··· DATA FOR THIS TASK ···

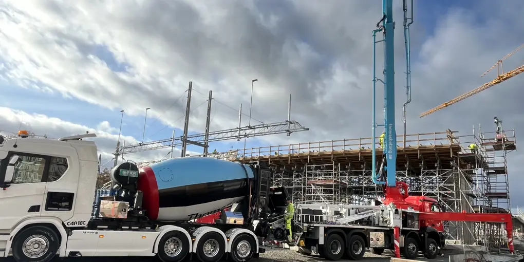 När vi bygger på Karlstads centralstation försöket vi så långt det är möjligt att använda oss av innovativ byggteknik. Det gör vi för att kunna arbeta effektivare, mer hållbart och för att minska bullret på byggarbetsplatsen. Ett exempel på detta är den betongpump med hybridteknik, som vi använder när vi gjuter den sista delen av Trädgårdslänken och den nya Vikenpassagen.
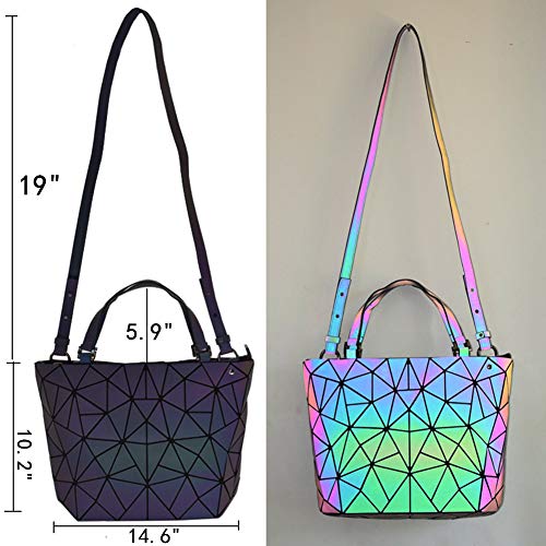 TAGDOT - محافظ وحقائب يد بتصميم هندسي مضيء للنساء، شنطة يد كبيرة توتس هولوغرافيتش فلاش ريفليكتيف، شنطة ظهر مضيئة بي ام
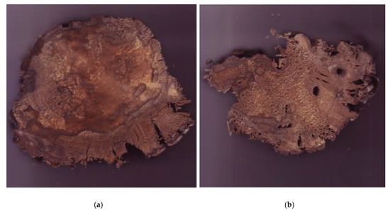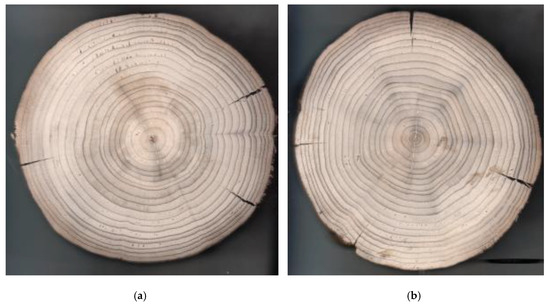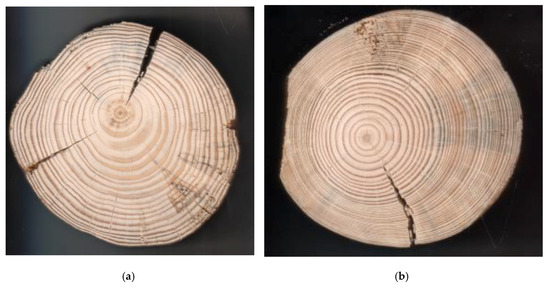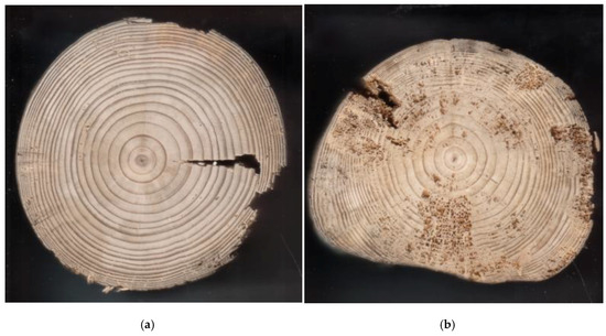 Cross-sections of typical pine wood samples taken from the forest road of the Koło Forest Inspectorate: (a) from section KRW1 of Rogóźno Forest District—sample So1-KRW1, (b) from section KLG2 of Lipie Góry Forest District—sample no. So1-KLG2.
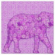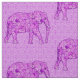 Mixed media digital graphic of an elephant against an arabesque tiled background fabric - shades of lavender, orchid and amethyst purple
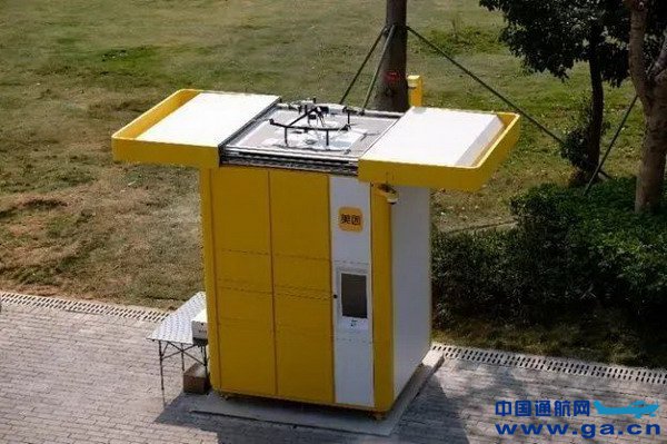 ▲无人机降落至取餐柜画面,目前美团无人机已在深圳部分商圈和社区开展常态化配送。

···

**ASSIGNMENT**
Without any pictures, print the whole listing again exactly as it stands.

**EXERCISE SOLUTION**
 När vi bygger på Karlstads centralstation försöket vi så långt det är möjligt att använda oss av innovativ byggteknik. Det gör vi för att kunna arbeta effektivare, mer hållbart och för att minska bullret på byggarbetsplatsen. Ett exempel på detta är den betongpump med hybridteknik, som vi använder när vi gjuter den sista delen av Trädgårdslänken och den nya Vikenpassagen.
 TAGDOT - محافظ وحقائب يد بتصميم هندسي مضيء للنساء، شنطة يد كبيرة توتس هولوغرافيتش فلاش ريفليكتيف، شنطة ظهر مضيئة بي ام
 Cross-sections of typical pine wood samples taken from the forest road of the Koło Forest Inspectorate: (a) from section KRW1 of Rogóźno Forest District—sample So1-KRW1, (b) from section KLG2 of Lipie Góry Forest District—sample no. So1-KLG2.
 Mixed media digital graphic of an elephant against an arabesque tiled background fabric - shades of lavender, orchid and amethyst purple
 ▲无人机降落至取餐柜画面,目前美团无人机已在深圳部分商圈和社区开展常态化配送。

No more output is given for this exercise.